そして、青洲45歳の時に、藍屋勘という60歳の乳がん患者に対して、全身麻酔下にて乳房摘出術を行うことになりました。左の乳房に1年前からしこりがあり、青洲の診察を受けた時には、赤く腫れていました。勘の姉も乳癌で亡くなっており、このまま放っておくと命のないことを知っており、勇気を持って手術に同意しました。そして、文化元年10月13日、通仙散による全身麻酔下で、世界初、乳がんの摘出術に見事成功しました。手術の方法は、青洲が考案したもので、現在の乳房部分切除術と呼ばれる術式に相当するといいます。勘は手術から20日ほどで、故郷へ帰ることができました。この手術により、青洲の名は、日本中に広まり、日本中から患者さんが集まってくるようになりました。
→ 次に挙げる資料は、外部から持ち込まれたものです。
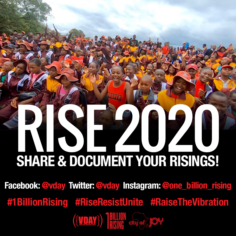 Over the past years, on or around 14 February, thousands of Risings took place around the world, in hundreds of cities, in virtually every country on earth. We have made history. In 2020, we RISE and RAISE THE VIBRATION and we want the world to witness every sight and sound of this extraordinary global action. HERE’S HOW!

しかし、手術を受けた勘は、術後4ヶ月で亡くなってしまいました。記録によると、癌は乳房全体に広がっており、手術では切除し切れないほど進行していたのではないかと推察されています。

青洲が手術した乳がん患者143名のうち、生存期間が判明するものだけを集計すると、最短で8日、最長は41年で、平均すれば約3年7ヶ月となる。これは、200年以上も前であること、外見から明らかにわかるほど進行した乳がんが主体だと推定されることを考えれば、立派な治療成績と言える。テルモ株式会社ウェブサイトより


青洲が全身麻酔下手術を成功させたのは、1846年にアメリカのウイリアム・モートンによるエーテルを用いた麻酔手術より、40年以上も前のことでありました。
青洲は、乳がんだけでなく、膀胱結石、痔、脱疽、腫瘍摘出術など、様々な手術も行なっていたようです。
全身麻酔手術の成功により、患者だけでなく、入門を希望する者も殺到しました。青洲は、門下生たちの育成にも力を注ぎ、医塾「春林軒」を設け、生涯に1000人を超える門下生を育て、全国に青洲の術が広がり、多くの患者の命が救われました。

最後に

実の母の命、妻の眼が犠牲になって。というのは驚きの事実ですが!!この時代には悲願の薬だったことでしょう。現在は、青洲の麻酔法は使用されていませんが、開発した麻酔薬によって救われた命が、多くあることに違いありません。現在では当たり前のように使われている麻酔薬も、よく考えてみれば、つい200年前には無く、治療しなければならない時には、麻酔無しで治療していたんですよね∑(゚Д゚)
冒頭の「内外合一 、活物窮理」という言葉は、一人一人の患者様と向きあう医療をという言葉を、現代の私たちに教えてくれているような気がします。